Als einen "sehr wichtigen Tag für das irakische Volk" hat der EU-Repräsentant für die gemeinsame Außen-und Sicherheitspolitik, Javier Solana, die Festnahme des Ex-Machthabers Saddam Hussein gewürdigt. "Die Festnahme Saddam Husseins sollte zur Stabilität in dem Land und einer Beschleunigung von Wiederaufbau und Demokratisierung beitragen", erklärte Solana am Sonntag in Brüssel in einer ersten Stellungnahme.

Der australische Regierungschef John Howard zeigte sich "hoch erfreut". Dies bedeute das Ende einer gewaltigen Last und großer Ängste für das irakische Volk, teilte Howard am Sonntag nach Angaben der australischen Nachrichtenagentur AAP mit. "Die Gefangennahme Saddams ist ein riesiger Schub für Freiheit und Demokratie im Irak." Australien hatte sich mit rund 2000 Soldaten an der US-geführten Invasion des Irak beteiligt.

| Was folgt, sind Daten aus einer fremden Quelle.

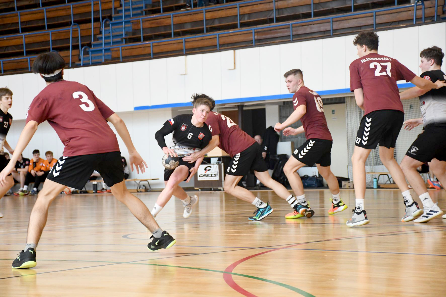 První poločas byl z naší strany spíše zahřívací. Dlouhá cesta zřejmě vykonala své, a i když od začátku bylo vedení na naší straně, stále to bylo o pouhé dvě až tři branky. Až ve druhé části poločasu se dorostenci trhli na pětibrankový rozdíl, který drželi až do poločasového hvizdu.
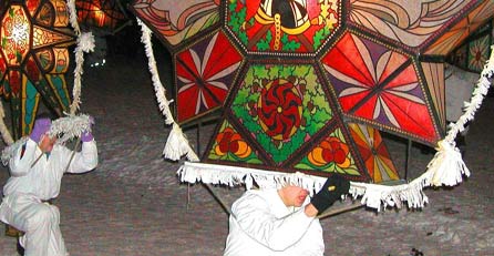 Kappen. Diese bestehen aus einem Gerüst aus Holzstäben, das mit buntem
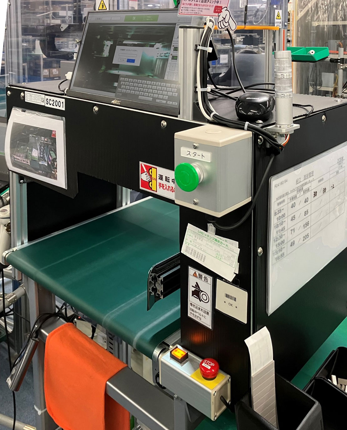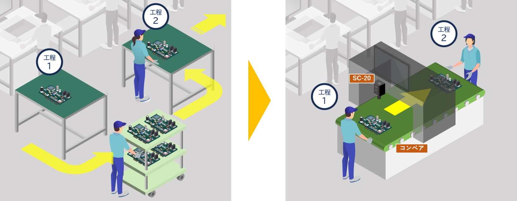次工程への製品の搬送をSC-20の検査と連携し、タクトタイムの短縮と工数の削減に成功した事例。 SC-20の判定をトリガーにコンベアを動作させ、次工程の作業台へ自動で移動するため台車での移送が不要に。 目視検査を自動化するだけでなく作業員の無駄な歩行動作を削減した、工場設備との組み合わせによる活用例です。

Saddams Festnahme wurde auch vom italienischen Verteidigungsminister Antonio Martino begrüßt. "Wir hoffen, dass Saddams Festnahme zum Ende der verheerenden Terrorwelle führen wird", kommentierte Martino. Im Irak sind rund 2400 italienische Soldaten stationiert. Der italienische Europaminister Rocco Buttiglione sprach von einem verheerenden Schlag gegen den internationalen Terrorismus. "Wir dürfen nicht glauben, dass Saddams Festnahme sofort das Ende der Terroranschläge bedeuten wird. Sie wird seine Anhänger jedoch stark deprimieren. Jede Hoffnung auf eine Rückkehr des alten Regimes ist für sie vernichtet", sagte Buttiglione.